しかしこのローデス戦・・・ブッチャーとローデスの試合は、少なくとも小、中、高の時代には、本などに載っているのを見たことがなかったので、対戦があったこと自体ボクは知りませんでした。

当時テレビはやったようですが、現在動画なんかはあるんでしょうか?どなたか詳細わかる方いらっしゃいましたらご教示をお願いいたします。

さてその後、同年5月26日には大阪府立体育会館でハルク・ホーガンとシングルで初対決が行われます。

試合はブッチャーの地獄突き、ホーガンのパンチなどでやり合えば、ジャンピング・エルボードロップ、アックス・ボンバーとお互いの必殺技も決まり、白熱の攻防となりました。

ベアハッグで持ち上げるシーンも

やがて大乱戦の末、引き分けとなりましたが内容は名勝負となりました。しかしふたりの戦いは残念ながらこの一戦のみとなりました。まさに幻の対決でした。

また、間をおいての同年10月8日の後楽園ホール、闘魂シリーズですね。ブッチャーはアレン、ジョーンズと組み凱旋帰国した長州と藤波、猪木の新日本勢と対決します。ご存知のようにこの試合は長州が反旗を翻すきっかけとなった試合でしたが・・・試合が終わるとあっという間にいなくなってしまったブッチャー軍団。その心中は、どういったものだったのでしょうか・・・

そして・・・明けて83年。2年前にIWGP参戦を宣言しリングに登場したブッチャーでしたが、ついにリーグ戦参加は実現しませんでした。しかしIWGPも終わった次期シリーズ、サマーファイトシリーズにやってきたブッチャーは7月、大阪府立体育会館でディック・マードックとのシングル戦を行います(プロレス名勝負伝~ディック・マードックvsアブドーラ・ザ・ブッチャー~ )

今に思えば緊張感の意味がちがった試合だった

長州戦以降の正規軍vs維新軍、そして確執が絡んだマードック戦。
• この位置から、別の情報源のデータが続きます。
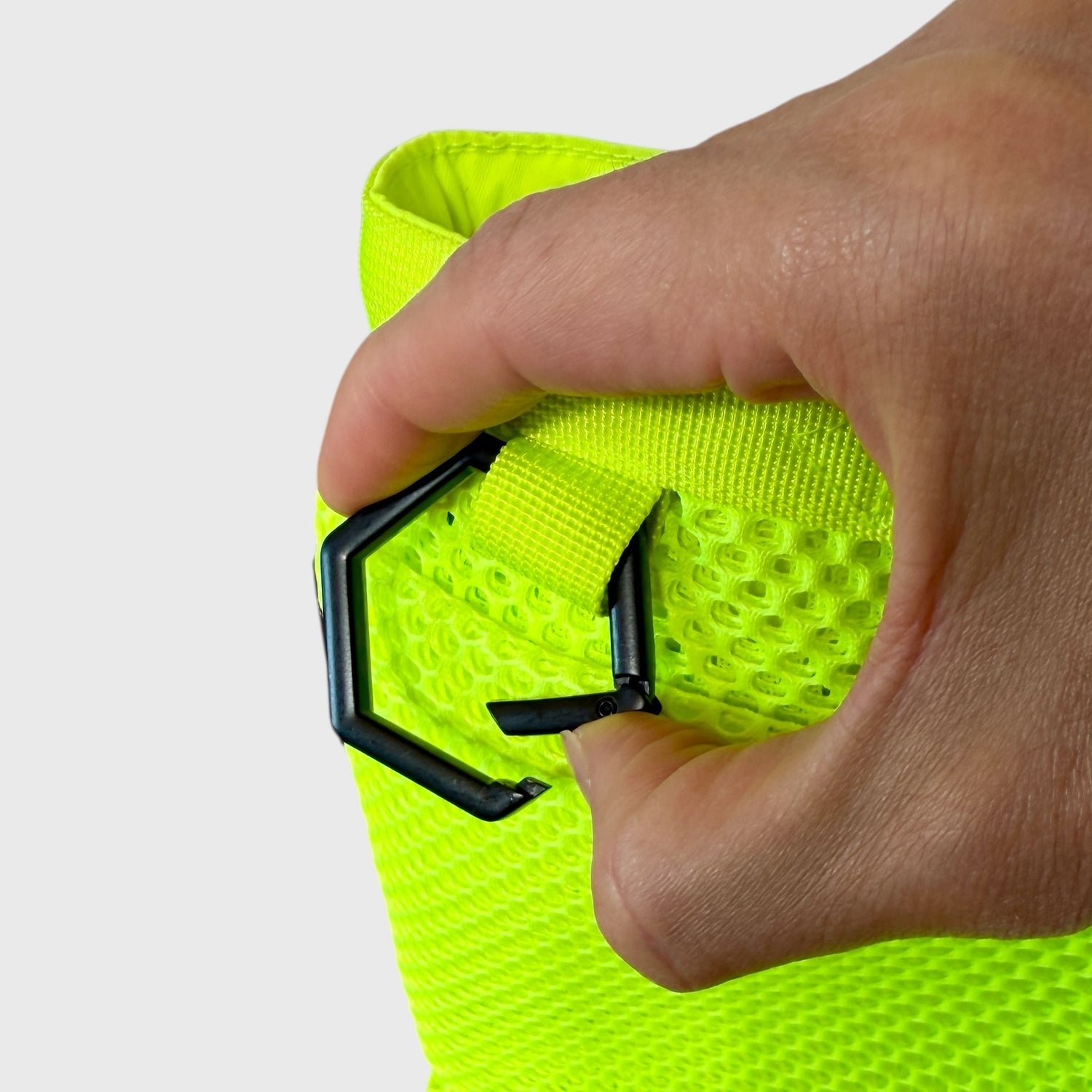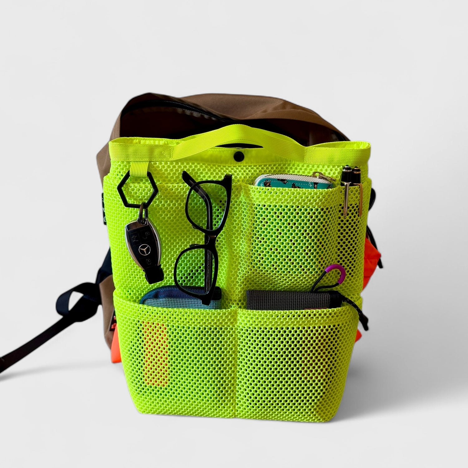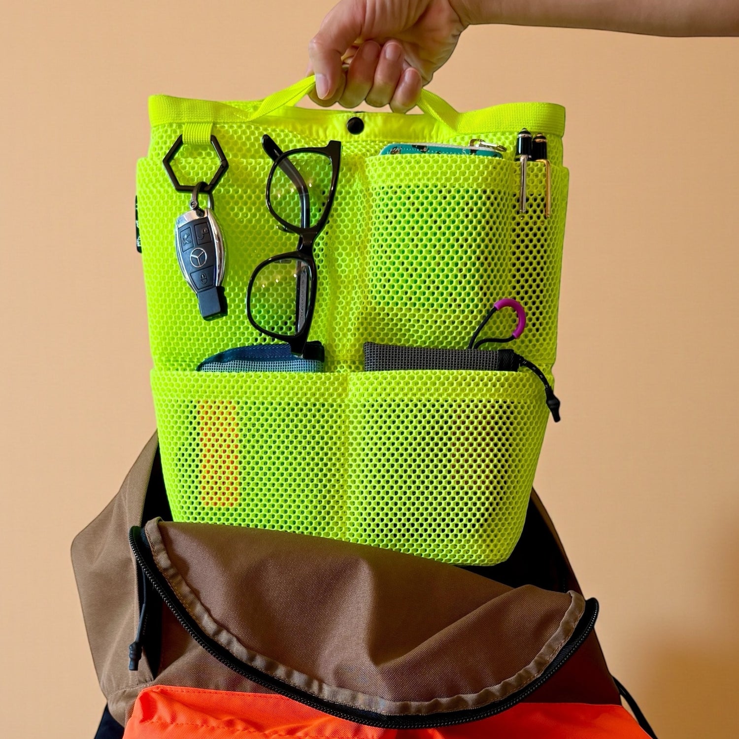 HATCHオリジナルで人気のバックパックと一緒に使って欲しい、理想の縦型バッグインバッグが完成しました。まずは見た目。こんなオシャレで発色のいいバッグインバッグ、見たことありますか?メッシュ×蛍光イエローの組み合わせが、とにかく可愛い。でも、ただ可愛いだけでこの素材と色を選んだわけじゃありません。バッグの内側と同化しないから、夜でも中身が探しやすい。つまり、見た目と機能性をちゃんと両立しています。使い勝手も抜群。外ポケットは表に4つ、ペンポケットが1つ、裏には大きいのが2つ。内ポケットは8つで収納力ばっちり。もちろん、自立します。引き手付きだから、バッグ間の入れ替えもサクッと完了。マグネットボタン+ファスナー付き。そしてこだわったのが、六角形(そう、蜂の巣は六角形!)のブラックカラビナ。全体をビシッと締めてくれて、鍵の取り外しもスムーズです。これでHATCHでバッグをいくつ買っても、中身の入れ替えは一瞬。使うたびに、「これ、買ってよかったな」って思ってもらえる、自信の一作です。横型バッグインバッグはこちら。

新日本初登場当初からすると、何か空気が、少しだけ変わってきたような・・・そんな気がしました。

しかし海外では、相変わらずその存在は絶大でした。83年9月、ブッチャーは自身のホームともいうべきプエルトリコマットのプロレス20周年興行へ参加します。

ここでは、同じ時期に新日本マットに上がりながら、とうとう実現しなかったブッチャーとアンドレ・ザ・ジャイアントのシングルが大会の目玉のスペシャルイベントとして行われました。しかもこの大会開催期間の9月17日、18日と2日間で2連戦です!!

試合は、真っ向からでは・・・と、得意のラフに持っていきますが、相手が相手だけにブッチャーも手を焼いた模様でした。

さすがのブッチャーもアンドレにはタジタジ!?

しかしながらこんなすごいカードが2日も続けて行われるとは・・・と驚いてしまいますが、それだけではありません。このプエルトリコ20周年興行は当時NWA世界ヘビー級王者だったハーリー・レイスをはじめ、リック・フレアー、ペドロ・モラレス、オックス・ベイカー、ドリーファンク・ジュニア、マスカラスブラザース、キング・トンガ、ケンドーナガサキという層々たるメンバーが集結した一大イベントだったのです。

メキシコからは、あのアブドーラ・タンバも参戦

当時、これだけのレスラーを招聘して興行を行うというのは、とんでもなくすごいことでした。それだけプエルトリコマットが力を持っていた時代だったんですね。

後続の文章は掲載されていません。